To create, edit or move files, click on the Files menu from the Dashboard page. A drop-down menu will appear, listing your most common storage locations on FarmShare: $HOME, Class Directories, Group Directories, and $SCRATCH.

Choosing one of the file spaces opens the File Explorer in a new browser tab. The files in the selected directory are listed.

There are two sets of buttons in the File Explorer.

/hpc-intro/OnDemand%20File%20Explorer%20buttons%20next%20to%20filename

Those buttons allow you to View, Edit, Rename, Download, or Delete a file.

/hpc-intro/OnDemand%20File%20Explorer%20buttons%20in%20top%20right%20menu
Button Function
Open in Terminal Open a terminal window on Sherlock in a new browser tab
Refresh Refresh the list of directory contents
New File Create a new, empty file
New Directory Create a new subdirectory
Upload Copy a file from your local machine to Sherlock
Download Download selected files to your local machine
Copy/Move Copy or move selected files (after moving to a different directory)
Delete Delete selected files
Change directory Change your current working directory
Copy path Copy the current working directory path to your clipboard
Show Dotfiles Toggle the display of dotfiles (files starting with a ., which are usually hidden)
Show Owner/Mode Toggle the display of owner and permission settings

Working with Windows

When you transfer text files from a Windows system to a Unix system (Mac, Linux, BSD, Solaris, etc.) this can cause problems. Windows encodes its files slightly different than Unix, and adds an extra character to every line.

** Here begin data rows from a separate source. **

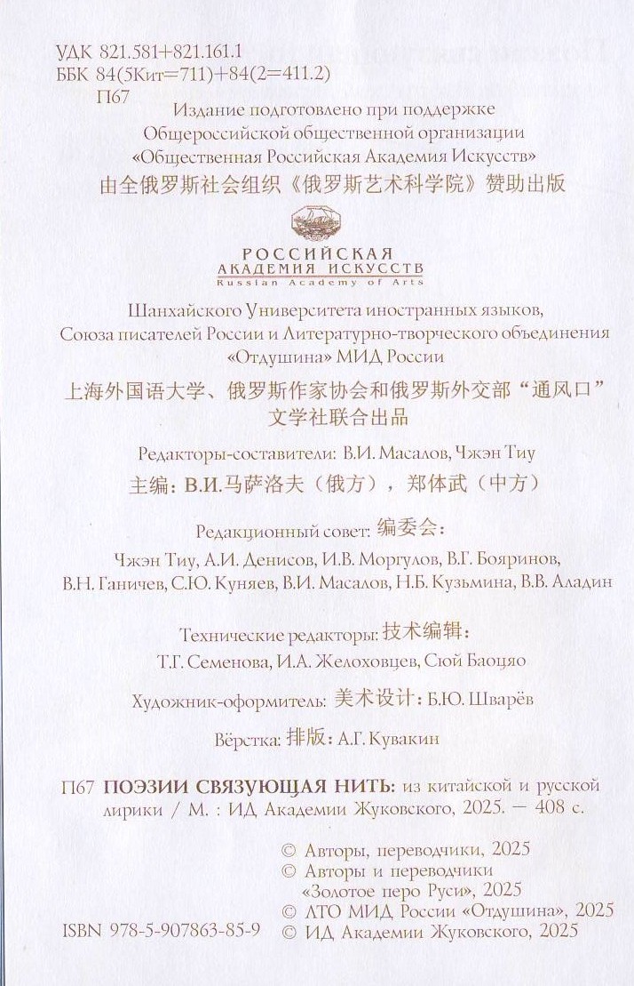 The Publishing House thanks all the editors, proofreaders, authors and translators who put all their strength and soul into these beautiful pages. And especially for the assistance provided in publishing the collection, we announce to the President of the Ryazan Community of Russia Terenin Alexander Vasilyevich and Patron Sandin Yuri Semenovich.
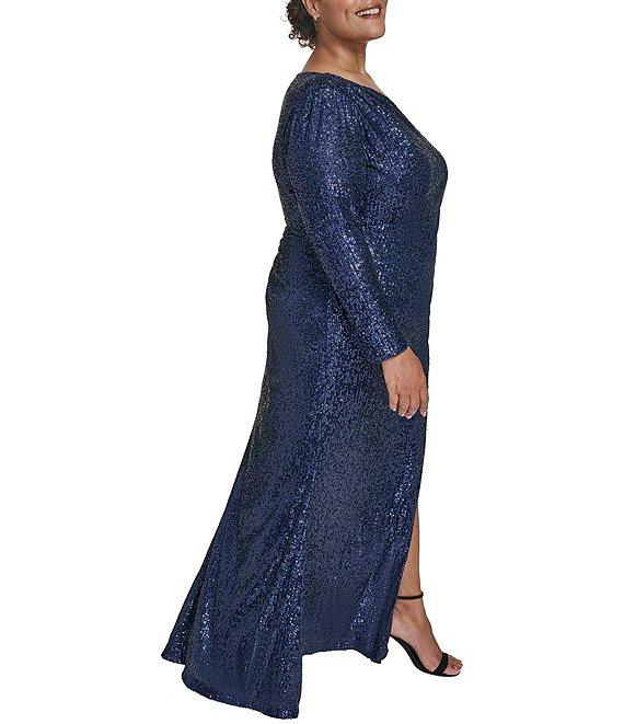 Eliza J Plus Size Sequin Long Sleeve Asymmetrical Neck Side Tuck Gown
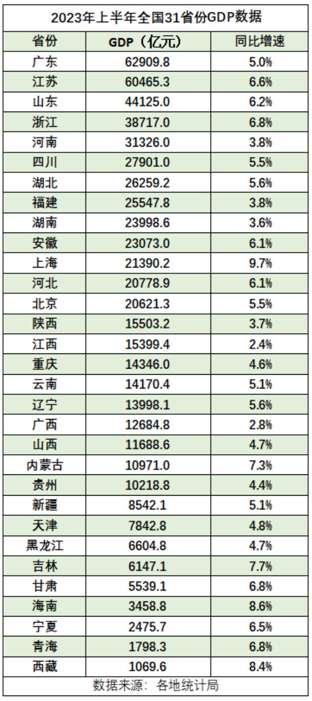 2、31省份上半年GDP出炉:15地跑赢全国,上海增势最猛,中新经纬
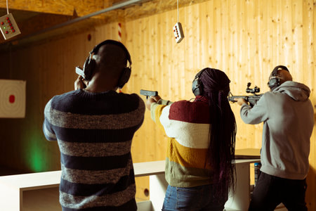 Friends having fun in shooting gallery using guns to hit targets with ammo. Mates entertained by shooting bullseyes at indoor firing range facility, competing against each other
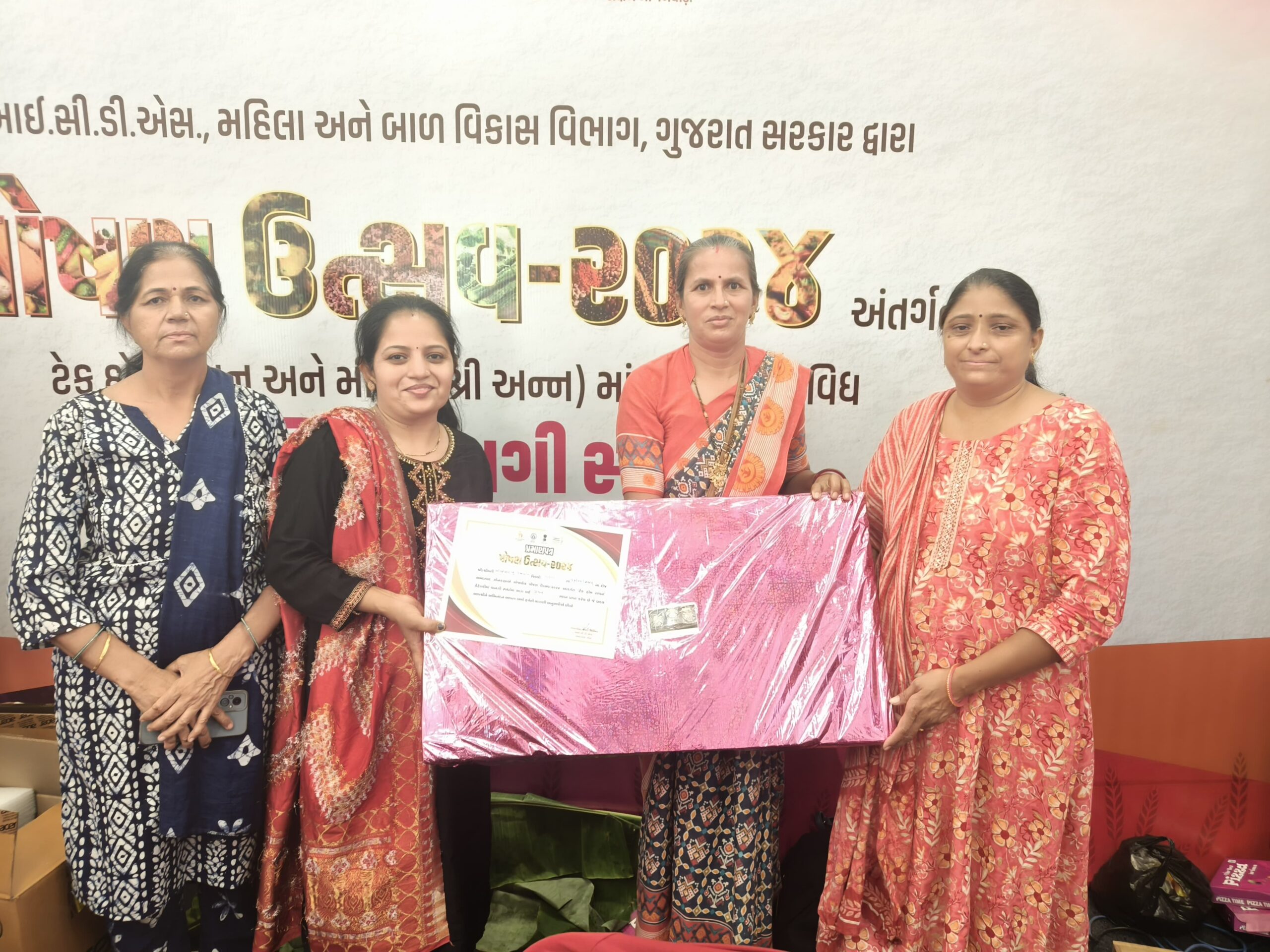 આઇસીડીએસ મહિલા અને બાળ વિકાસ વિભાગ ગુજરાત સરકાર દ્વારા પોષણ ઉત્સવ 2024 અંતર્ગત યોજાયો.જેમાં પાટણ જિલ્લાના સાંતલપુર તાલુકાના આઇસીડીએસ વિભાગ દ્વારા ઝોન કક્ષાના પોષણ ઉત્સવ કાર્યક્રમમાં 2024 અંતર્ગત આંગણવાડી કેન્દ્ર જારુંસા 1 માં પ્રજાપતિ ભીખિબેન પ્રથમ નંબર મેળવ્યો છે. જેમાં વિગત વાર જોઈએ તો સાંતલપુર ના જારુષા ગામની આંગણવાડી કાર્યકર એ ટી.એચ.આર માંથી ખજૂર બીજ ના લાડુ બનાવ્યા હતા.જે કાર્યક્રમ ગાંધીનગર ખાતે ઝોન કક્ષાનો પોષણ ઉત્સવ કાર્યક્રમ 2024 યોજાયો હતો. ટી.એચ.આર. મીલેટ્સ વાનગી ખજૂર બીટ ના સ્વાદિષ્ટ લાડુ બનાવી સાંતલપુર તાલુકામાં અનોખું સ્થાન મેળવ્યું છે.

On a Unix system, every line in a file ends with a \n (newline). On Windows, every line in a file ends with a \r\n (carriage return + newline). This causes problems sometimes.

Though most modern programming languages and software handles this correctly, in some rare instances, you may run into an issue. The solution is to convert a file from Windows to Unix encoding with the dos2unix command.

You can identify if a file has Windows line endings with cat -A filename. A file with Windows line endings will have ^M$ at the end of every line. A file with Unix line endings will have $ at the end of a line.

To convert the file, just run dos2unix filename. (Conversely, to convert back to Windows format, you can run unix2dos filename.)

Key Points

  • wget and git clone download a file from the internet.

  • scp and rsync transfer files to and from your computer.

  • You can use Globus or FarmShare OnDemand to transfer data through a GUI.